El pequeño museo ocupa el edificio que albergaba la antigua escuela del pueblo y la fragua. En él podemos ver una exposición de objetos y documentos que nos aproximan a la experiencia de las trincheras.

Las piezas de la colección la componen en su mayor parte objetos cedidos por los vecinos del pueblo y la comarca. Muchos de ellos han permanecido escondidos en desvanes desde hace 75 años; otros han cumplido funciones distintas a aquellas para las que fueron concebidas: una caja de munición de Mauser encontró uso tras la guerra como caja de herramientas, un casco checoslovaco como bebedero para las gallinas y los railes de acero que formaban las defensas antitanque republicanas acabaron de dinteles en las parideras, los corrales de ovejas que abundan por los montes de Abánades.

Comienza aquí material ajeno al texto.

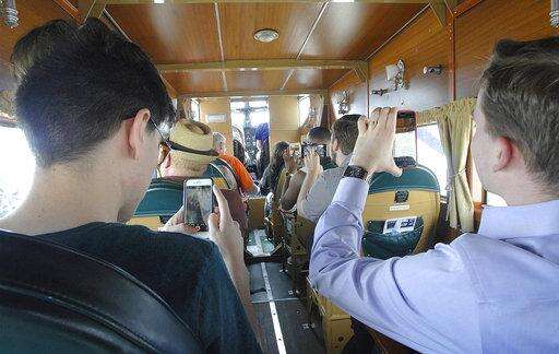In this Thursday, June 14, 2018 photo, members of the media take a ride in a Ford Tri-Motor aircraft at Central Illinois Regional Airport in Bloomington, Ill. The flights are sponsored by the Experimental Aircraft Association and several local Twin Cities business. The flights are available to the public and scheduled to be flown through Sunday. The plane first flew in 1928. (David Proeber /The Pantagraph via AP) The Associated Press
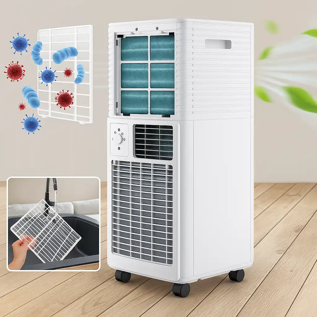 Equipado con control desde el smartphone, puedes ajustar la temperatura incluso cuando estás fuera de casa. La función silenciosa garantiza un sueño tranquilo, mientras que el filtro lavable protege la calidad del aire. Sin instalaciones complicadas: ¡está listo para usar!

Las granadas y proyectiles de artillería han servido tradicionalmente como elemento de adorno.
 
Los objetos son representativos de la vida en el frente: no solo podemos ver cascos, munición y metralla, sino también latas, cucharas y cantimploras.
 
La colección es pequeña pero selecta. Podemos ver cascos de todos los modelos y nacionalidades (alemán, español, checoslovaco, francés e italiano). Bayonetas, entre las que destaca una de Mosin Nagant de la época zarista, cargadores de Mosin Nagant ruso, Mauser español y alemán y Lee Enfield inglés, entre otros.
 
Podremos disfrutar de algunas rarezas que hacen único este precioso museo: una gran olla a presión para hacer el rancho y una marmita italiana con el nombre de su dueño grabado: Armando Stellani. Sin duda uno de los muchos recuerdos que los soldados del Corpo di Truppe Volontarie dejaron por tierras de Guadalajara.

El museo no deja de crecer con aportaciones de los vecinos y satisface a los públicos más exigentes. Un verdadero placer sensorial disfrutar de él mientras suena la música de la época en la gramola original de los años 30.